Preface
Prior to this project, I didn’t know anything about Yarn or frontend build systems in general. Frontend “stuff” has never been my jam, but improving build times and developer productivity definitely is. With that in mind, please pardon my ignorance if I use some incorrect terminology throughout this article, and please let me know if any edits should be made to improve clarity!
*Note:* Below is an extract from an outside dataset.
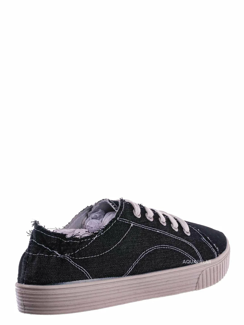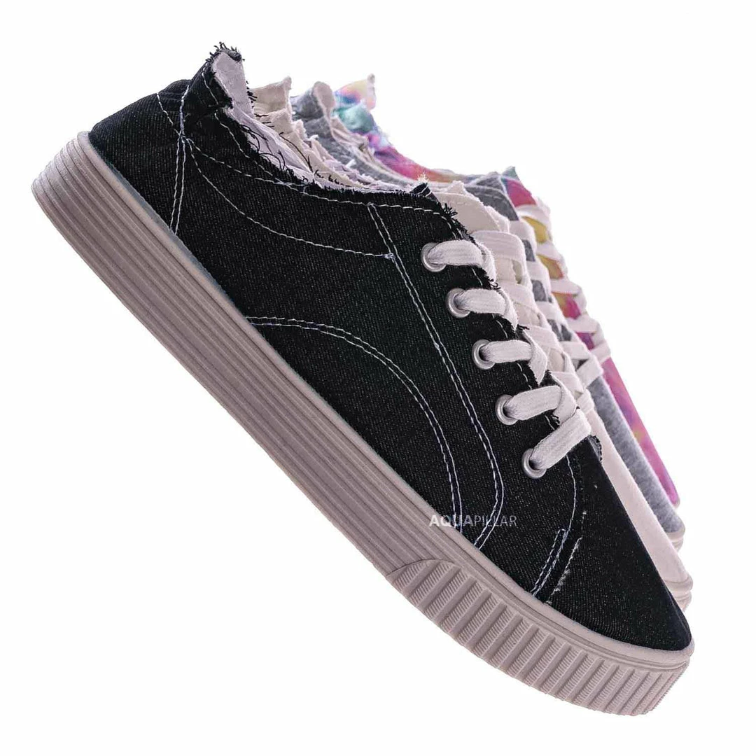 Product Detail : These sneaker features a comfy thick rubber outsole to minimize impact with the floor with contrasting stitch detail on canvas upper, raw no-trim edges, full lace up closure and padded insole. Heel counter is made a elastic to better hug onto your feet. Choose from solid color and tie dye, the tie dye is completely random, no two are alike

Prior to my involvement, a few people had made multiple partial strides to help get this migration closer to the finish line, but it was clearly going to take some focused effort to connect the dots and get the monorepo to a point where the migration would be truly feasible. Despite the large hurdles in the way, the performance gains and other quality-of-life improvements for developers promised at the end of the migration were too good to leave on the table.
tl;dr
Switching over to Yarn Plug ‘n’ Play from
node_modules is an arduous process in a monorepo. All the changes required to reach
compatibility with Plug ‘n’ Play need to also support node_modules, as you can’t
incrementally switch packages over to Plug ‘n’ Play; the entire repo has to use Plug ‘n’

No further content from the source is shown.